The sample chatbot web application provided allows you to interactively test the chat system. Requests to the chat system are wrapped in API calls, so these can be abstracted to other applications.

Additional Components#

Triton Inference Server

NVIDIA Triton Inference Server uses models stored in a model repository, available locally to serve inference requests. Once they are available in Triton, inference requests are sent from a client application. Python and C++ libraries provide APIs to simplify communication. Clients send HTTP/REST requests directly to Triton using HTTP/REST or gRPC protocols.

Within this workflow, the Llama2 LLM was optimized using NVIDIA TensorRT for LLMs which accelerates and maximizes inference performance on the latest LLMs.

Model Storage

NVIDIA NGC is used as model storage in this workflow, but you are free to choose different model storage solutions like Azure AI Studio, MLFlow, or AWS SageMaker.

Vector Database

Milvus is an open-source vector database built to power embedding similarity search and AI applications. It makes unstructured data from API calls, PDFs, and other documents more accessible by storing them as embeddings. When content from the knowledge base is passed to an embedding model (e5-large-v2), it converts the content to vectors (referred to as “embeddings”). These embeddings are stored in a vector database. The vector database used in this workflow is Milvus. Milvus is an open-source vector database capable of NVIDIA GPU accelerated vector searches.

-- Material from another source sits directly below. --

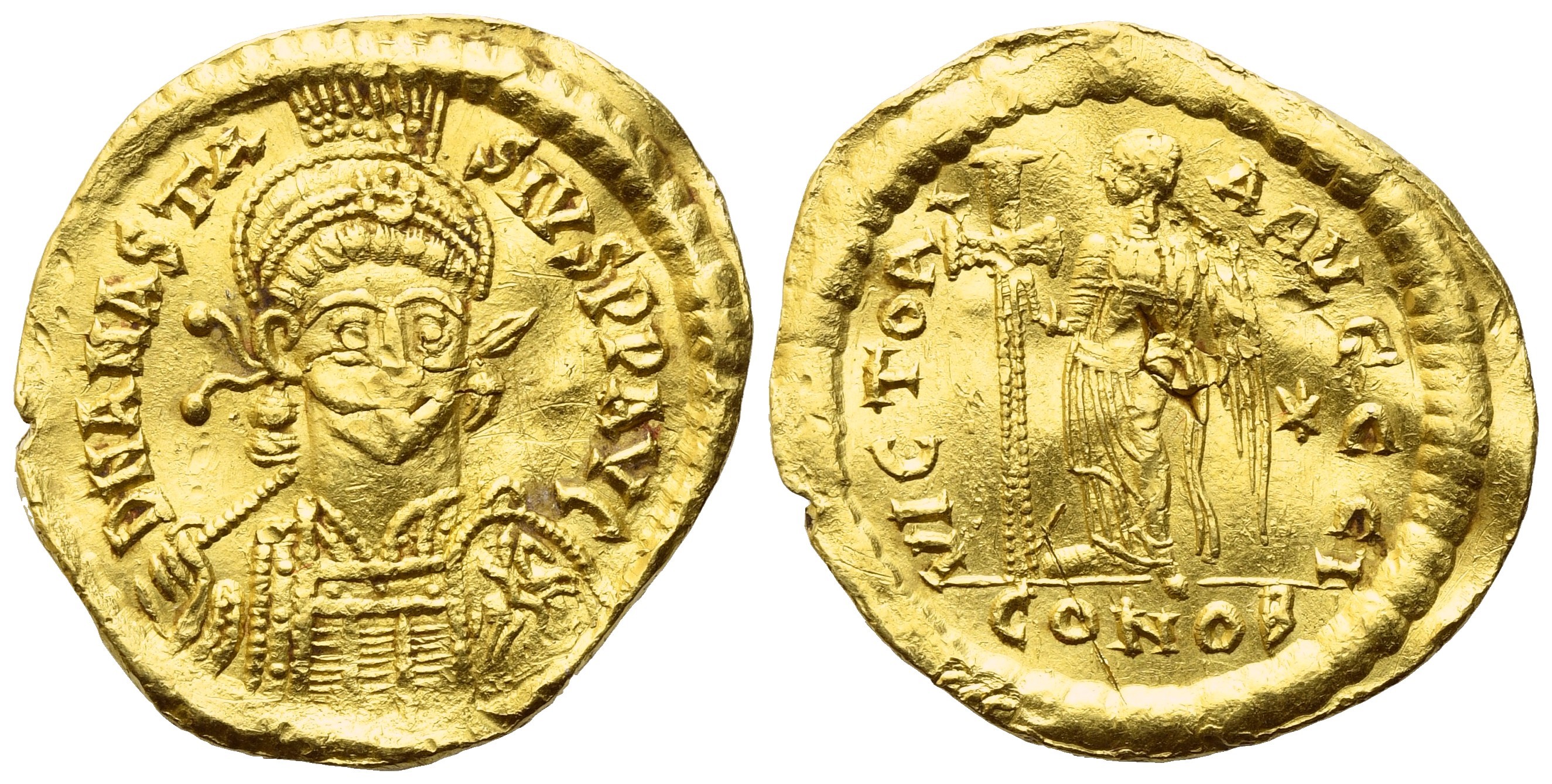 D N ANASTAS-IVS PP AVG, pearl-diademed, helmeted and cuirassed bust of Anastasius facing, head slightly right, holding spear over right shoulder and on left arm shield with horseman motif; Rv./ VICTORI-A AVCCC I, Victory standing left, holding jeweled cross; star to lef; CONOB in exergue. DOC 7h; SB 5. aEF, slightly bent.

While this reference solution uses Milvus, other databases can be used instead. For example, other vector databases that integrate RAPIDS RAFT for GPU acceleration are Chroma, FAISS, or Lance; or you can use other pay-as-you-go databases such as Redis, Pinecone, and MongoDB vCore.

Note

If needed, see Milvus’s documentation for how a Docker Compose file can be configured for Milvus.

Review#

Let’s review key questions that can help you adapt this reference solution to your specific business use case:

What are the different data sources within your enterprise that can be used to augment an LLM?

Note

This reference solution uses LangChain. Additional data connectors can be leveraged.
Which components within this reference solution can be used within your enterprise for the inference pipeline? Which components need to be swapped out?

Note

An example would be a model store. This reference solution uses NGC, but your enterprise may already be using MLflow for your model storage solution.

Do you intend to run your RAG based AI Chatbot in production? Enterprises that run their businesses on AI rely on the security, support, and stability provided by NVIDIA AI Enterprise to ensure a smooth transition from pilot to production.